Прошло нѣсколько дней послѣ похоронъ Мойши. Сора сидѣла "шиво" {Въ теченіе семи дней близкіе родственники покойника сидятъ на полу, безъ обуви.}. Бѣдная крошечная комната выглядѣла мрачнѣе и бѣднѣе, чѣмъ раньше. Все въ ней говорило о сиротствѣ и безнадежности. Чувствовалось съ перваго взгляда, что здѣсь нѣтъ хозяина, нѣтъ надежды, нѣтъ будущаго.

Въ комнатѣ была гнетущая тишина. Дѣти спали. Сора, въ чулкахъ, сидѣла на низенькомъ обрубкѣ у скамейки, которая служила ей столомъ и вяло доѣдала ужинъ, состоявшій изъ хлѣба съ кускомъ селедки. Сальный огарокъ тяжело и жалко освѣщалъ чахлымъ, болѣзненно-желтымъ свѣтомъ уголъ комнаты. За эти три-четыре дня Сора какъ-то притерпѣлась къ своему несчастью. Въ глубинѣ души не переставала ныть мучительная боль отъ сознанія, что нѣтъ самого дорогого, самого близкаго человѣка. Но эта боль все болѣе и болѣе покрывалась тяжелой думой о завтрашнемъ днѣ, о кускѣ хлѣба. Передъ Сорой выступалъ во всемъ своемъ ужасѣ призракъ голодной смерти, призракъ, оставлявшій одинъ только исходъ: надѣть суму и пойти по домамъ.

Въ комнату вошли Шмерлъ и двое рабочихъ, товарищи Мойши, Борухъ и Мендель. Они вошли, какъ и полагается входить въ "домъ траура", съ поникшими головами, молча, не сказавъ обычнаго привѣтствія: "Добрый вечеръ".

Послѣ минутнаго молчанія, Шмерлъ присѣлъ на край кровати, вздохнулъ и заговорилъ уныло:

-- Послушай, Сора, что я тебѣ скажу... Мы пришли... Понимаешь, мы всѣ, вѣдь, были друзьями твоего Мойши, чтобъ онъ тамъ имѣлъ свѣтлый рай. Мы всѣ... что и говорить... онъ намъ былъ дорогъ, какъ родной.
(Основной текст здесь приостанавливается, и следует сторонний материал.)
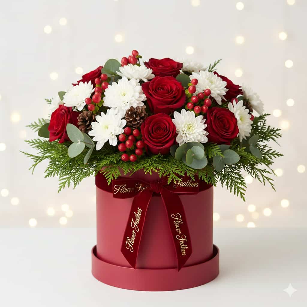 Perfect for romantic celebrations, anniversaries, or festive gifting, this luxury arrangement brings together classic colour contrast and premium design. The structured box style adds sophistication, while the fresh blooms ensure lasting beauty and impact.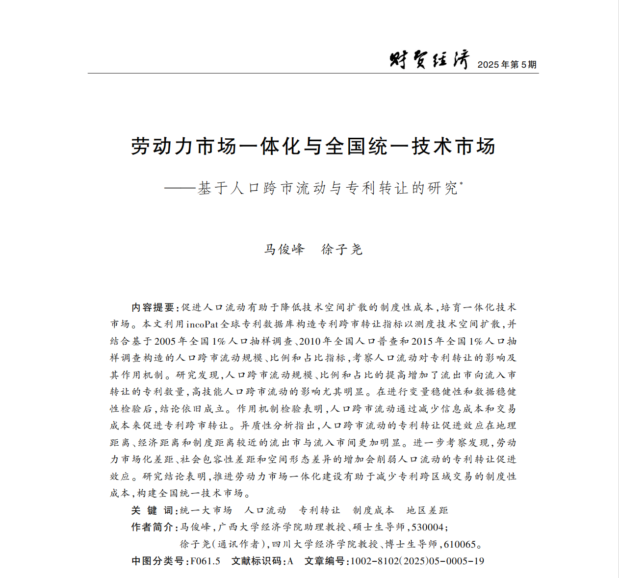 近日,我院马俊峰助理教授与四川大学经济学院徐子尧教授合作的论文“劳动力市场一体化与全国统一技术市场——基于人口跨市流动与专利转让的研究”在《财贸经济》期刊2025年第5期上在线发表。马俊峰助理教授为论文第一作者,徐子尧教授为论文通讯作者。本研究获得了教育部人文社会科学研究项目的资助。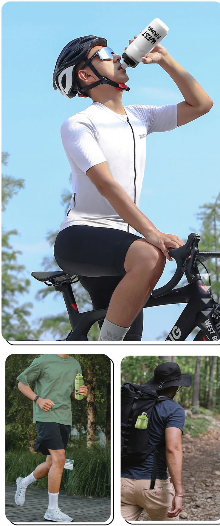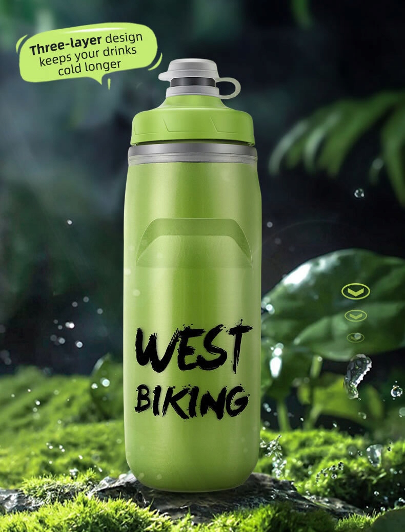 Эта бутылка для велосипедной воды имеет уникальную трехслойную теплоизоляционную структуру , которая поддерживает напитки на холоде в течение многих часов. Кроме того, структура мундштука предотвращает протекание воды во время вращения. Нейтральный запах и прост в чистке, идеально подходит для велосипедных и приключений для скалолазания.

Вѣдь такого набожнаго еврея, такого человѣка не скоро найдешь.

Сора слушала его съ застывшимъ выраженіемъ безнадежнаго отчаянья на лицѣ и ритмически покачивала головой.

-- Но,-- продолжалъ Шмерлъ вздохнувъ,-- у Бога вѣдь не спросишь: почему? Если Онъ такъ дѣлаетъ, значитъ такъ должно быть. Господь правъ и судъ Его праведный. И можешь быть увѣрена, что Мойшѣ теперь много, много лучше чѣмъ на этомъ свѣтѣ. Ничего, онъ запасся добрыми дѣлами, приготовилъ себѣ "тамъ" почетное мѣсто... Только вотъ ты и сироты, вамъ что дѣлать?
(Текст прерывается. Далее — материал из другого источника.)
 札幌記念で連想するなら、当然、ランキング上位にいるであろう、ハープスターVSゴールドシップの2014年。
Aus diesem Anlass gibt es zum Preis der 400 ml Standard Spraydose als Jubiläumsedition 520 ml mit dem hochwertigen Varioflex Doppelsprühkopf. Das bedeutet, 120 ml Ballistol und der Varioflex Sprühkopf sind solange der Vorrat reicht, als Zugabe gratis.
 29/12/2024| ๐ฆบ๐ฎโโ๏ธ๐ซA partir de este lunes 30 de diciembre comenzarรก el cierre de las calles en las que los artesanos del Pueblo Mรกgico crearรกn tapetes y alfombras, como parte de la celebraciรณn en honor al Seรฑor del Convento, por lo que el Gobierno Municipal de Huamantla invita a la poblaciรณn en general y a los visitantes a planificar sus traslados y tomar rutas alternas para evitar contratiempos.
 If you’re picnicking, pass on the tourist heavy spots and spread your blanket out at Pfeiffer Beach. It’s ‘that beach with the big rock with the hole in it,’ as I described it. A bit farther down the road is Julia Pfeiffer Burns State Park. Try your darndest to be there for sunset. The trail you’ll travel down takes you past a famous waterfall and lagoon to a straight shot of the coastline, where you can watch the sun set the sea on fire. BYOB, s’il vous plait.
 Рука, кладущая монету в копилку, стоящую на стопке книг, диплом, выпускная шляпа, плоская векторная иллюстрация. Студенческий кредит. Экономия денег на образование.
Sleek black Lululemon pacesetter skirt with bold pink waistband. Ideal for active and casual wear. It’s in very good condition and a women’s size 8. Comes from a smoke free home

Сора, сохраняя на лицѣ прежнее выраженіе, тяжело вздохнула.

-- Ну, такъ намъ надо посовѣтоваться. Мы же евреи, нельзя же тебя оставить пасть среди улицы. Надо тебѣ помочь...

-- Чѣмъ помочь?..-- проговорила безнадежно Сора.

-- Если бъ ты открыла лавченку,-- заговорилъ въ свою очередь Борухъ.-- Достать немного денегъ...

-- Гдѣ вы достанете?..

-- Ну, скажемъ, Беркинъ,-- отозвался Шмерлъ.-- Это конечно, первое. Онъ же мнѣ сказалъ, чтобъ ты зашла къ нему. Что? Онъ тебя звалъ къ себѣ поздравить его съ праздникомъ, что ли? Если онъ велѣлъ зайти, значитъ онъ хочетъ тебѣ дать что нибудь. Кто знаетъ! Онъ и 100 рублей можетъ дать.

Сора горько усмѣхнулась.

-- Что вы говорите, ребъ Шмерлъ! Извините меня, вы говорите какъ ребенокъ.-- Беркинъ дастъ 100 рублей. Точно вы не знаете Беркина. Тотъ скорѣе съ душой разстанется, чѣмъ со ста рублями...

-- Ну не 100, такъ 50!-- уступилъ Шмерлъ.-- И на 50 рублей можно тоже что-нибудь сдѣлать, если не лавочку открыть, то шкафикъ на базарѣ поставить... Главное, надо о дѣтяхъ подумать. Сколько лѣтъ твоему старшенькому?

-- Восьмой годъ, до ста двадцати лѣтъ.

-- Восьмой годъ -- можно ужъ отдать его къ мастеру, къ сапожнику, къ переплетчику. Это я взялся бы устроить. А второго...

-- Второго беретъ къ себѣ мой отецъ,-- отозвалась Сора.

-- Ну, значить, остаешься съ однимъ груднымъ ребенкомъ.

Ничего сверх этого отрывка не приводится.